- [THE PROBLEM]: What you need to produce from the material below is an exact transcription of the lines from the one with "其他接口请求,的key为 cookie 调试了大半天,才找到原因。一定要细心观察。" through the one with "4 m.), loungemøbler", both included, and no other line.

(RECORD EXTRACTS)

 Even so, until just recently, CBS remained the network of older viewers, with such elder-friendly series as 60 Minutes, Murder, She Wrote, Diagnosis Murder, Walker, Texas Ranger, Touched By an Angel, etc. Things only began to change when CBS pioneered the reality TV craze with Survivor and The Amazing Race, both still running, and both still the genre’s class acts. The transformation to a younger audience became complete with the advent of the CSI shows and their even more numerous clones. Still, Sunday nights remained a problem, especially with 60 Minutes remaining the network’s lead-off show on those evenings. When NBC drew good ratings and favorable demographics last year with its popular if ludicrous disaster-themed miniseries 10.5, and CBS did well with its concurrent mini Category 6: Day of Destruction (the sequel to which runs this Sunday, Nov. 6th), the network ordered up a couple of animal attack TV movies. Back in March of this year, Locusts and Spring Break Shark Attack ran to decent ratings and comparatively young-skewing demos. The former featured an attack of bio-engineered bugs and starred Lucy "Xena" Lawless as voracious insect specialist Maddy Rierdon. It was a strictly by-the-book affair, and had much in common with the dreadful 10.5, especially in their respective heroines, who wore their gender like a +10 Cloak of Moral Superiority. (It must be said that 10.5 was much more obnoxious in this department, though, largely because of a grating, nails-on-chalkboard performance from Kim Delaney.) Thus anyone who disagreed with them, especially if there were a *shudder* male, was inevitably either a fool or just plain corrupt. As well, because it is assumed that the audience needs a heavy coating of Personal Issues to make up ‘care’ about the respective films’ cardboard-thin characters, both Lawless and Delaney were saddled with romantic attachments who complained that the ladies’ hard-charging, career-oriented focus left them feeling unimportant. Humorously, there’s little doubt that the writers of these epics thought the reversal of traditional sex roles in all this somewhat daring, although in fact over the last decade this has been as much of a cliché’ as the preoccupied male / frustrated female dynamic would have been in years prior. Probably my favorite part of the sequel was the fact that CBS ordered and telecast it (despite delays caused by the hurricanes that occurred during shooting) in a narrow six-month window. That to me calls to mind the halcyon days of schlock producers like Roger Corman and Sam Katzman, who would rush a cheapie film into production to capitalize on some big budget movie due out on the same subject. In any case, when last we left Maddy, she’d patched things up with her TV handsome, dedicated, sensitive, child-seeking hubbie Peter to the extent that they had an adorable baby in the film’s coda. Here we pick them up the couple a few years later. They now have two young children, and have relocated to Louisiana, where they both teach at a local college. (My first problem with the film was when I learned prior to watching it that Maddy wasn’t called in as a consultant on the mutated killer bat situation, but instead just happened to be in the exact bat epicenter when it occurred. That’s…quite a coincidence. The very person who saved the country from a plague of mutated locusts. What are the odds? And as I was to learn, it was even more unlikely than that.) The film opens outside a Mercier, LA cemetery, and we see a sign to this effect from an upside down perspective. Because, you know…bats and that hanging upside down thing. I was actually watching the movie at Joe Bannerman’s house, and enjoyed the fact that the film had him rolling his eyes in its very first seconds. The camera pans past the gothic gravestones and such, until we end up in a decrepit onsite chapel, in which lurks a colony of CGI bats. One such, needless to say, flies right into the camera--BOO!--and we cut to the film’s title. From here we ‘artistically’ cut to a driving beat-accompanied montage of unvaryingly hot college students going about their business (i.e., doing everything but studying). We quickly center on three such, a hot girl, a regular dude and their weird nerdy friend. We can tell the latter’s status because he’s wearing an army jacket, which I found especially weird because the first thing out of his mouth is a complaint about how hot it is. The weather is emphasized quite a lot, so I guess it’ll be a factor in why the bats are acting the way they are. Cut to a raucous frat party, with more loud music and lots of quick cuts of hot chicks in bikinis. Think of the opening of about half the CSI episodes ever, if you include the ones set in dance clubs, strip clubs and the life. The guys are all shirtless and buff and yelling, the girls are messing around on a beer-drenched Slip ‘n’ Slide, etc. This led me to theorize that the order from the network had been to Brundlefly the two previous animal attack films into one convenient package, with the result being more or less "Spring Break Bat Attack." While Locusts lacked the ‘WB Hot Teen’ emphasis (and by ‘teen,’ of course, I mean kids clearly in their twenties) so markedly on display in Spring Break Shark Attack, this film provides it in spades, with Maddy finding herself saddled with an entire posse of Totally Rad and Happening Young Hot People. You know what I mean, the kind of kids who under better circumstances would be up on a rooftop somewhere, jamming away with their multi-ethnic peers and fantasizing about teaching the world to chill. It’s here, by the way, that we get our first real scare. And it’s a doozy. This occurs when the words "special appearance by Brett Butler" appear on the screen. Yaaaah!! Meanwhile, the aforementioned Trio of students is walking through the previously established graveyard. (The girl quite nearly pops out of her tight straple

(End RECORD EXTRACTS)
(RECORD EXTRACTS)

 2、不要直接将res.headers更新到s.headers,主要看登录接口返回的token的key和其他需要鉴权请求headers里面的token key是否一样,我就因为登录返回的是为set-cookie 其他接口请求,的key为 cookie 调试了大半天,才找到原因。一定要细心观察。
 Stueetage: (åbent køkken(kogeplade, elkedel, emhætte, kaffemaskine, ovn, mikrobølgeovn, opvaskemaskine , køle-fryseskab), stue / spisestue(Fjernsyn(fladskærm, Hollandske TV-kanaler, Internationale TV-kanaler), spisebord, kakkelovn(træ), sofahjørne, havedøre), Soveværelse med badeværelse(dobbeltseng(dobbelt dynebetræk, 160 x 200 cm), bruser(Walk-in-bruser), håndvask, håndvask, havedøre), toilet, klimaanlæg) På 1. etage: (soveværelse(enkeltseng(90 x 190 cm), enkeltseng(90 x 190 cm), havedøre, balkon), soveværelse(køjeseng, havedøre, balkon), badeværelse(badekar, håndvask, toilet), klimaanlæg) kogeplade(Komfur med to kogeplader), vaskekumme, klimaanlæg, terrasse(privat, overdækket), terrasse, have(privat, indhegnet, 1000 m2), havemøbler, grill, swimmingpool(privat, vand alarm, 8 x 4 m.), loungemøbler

(End RECORD EXTRACTS)

- [ANSWER TO THIS PROBLEM]:
 2、不要直接将res.headers更新到s.headers,主要看登录接口返回的token的key和其他需要鉴权请求headers里面的token key是否一样,我就因为登录返回的是为set-cookie 其他接口请求,的key为 cookie 调试了大半天,才找到原因。一定要细心观察。
 Stueetage: (åbent køkken(kogeplade, elkedel, emhætte, kaffemaskine, ovn, mikrobølgeovn, opvaskemaskine , køle-fryseskab), stue / spisestue(Fjernsyn(fladskærm, Hollandske TV-kanaler, Internationale TV-kanaler), spisebord, kakkelovn(træ), sofahjørne, havedøre), Soveværelse med badeværelse(dobbeltseng(dobbelt dynebetræk, 160 x 200 cm), bruser(Walk-in-bruser), håndvask, håndvask, havedøre), toilet, klimaanlæg) På 1. etage: (soveværelse(enkeltseng(90 x 190 cm), enkeltseng(90 x 190 cm), havedøre, balkon), soveværelse(køjeseng, havedøre, balkon), badeværelse(badekar, håndvask, toilet), klimaanlæg) kogeplade(Komfur med to kogeplader), vaskekumme, klimaanlæg, terrasse(privat, overdækket), terrasse, have(privat, indhegnet, 1000 m2), havemøbler, grill, swimmingpool(privat, vand alarm, 8 x 4 m.), loungemøbler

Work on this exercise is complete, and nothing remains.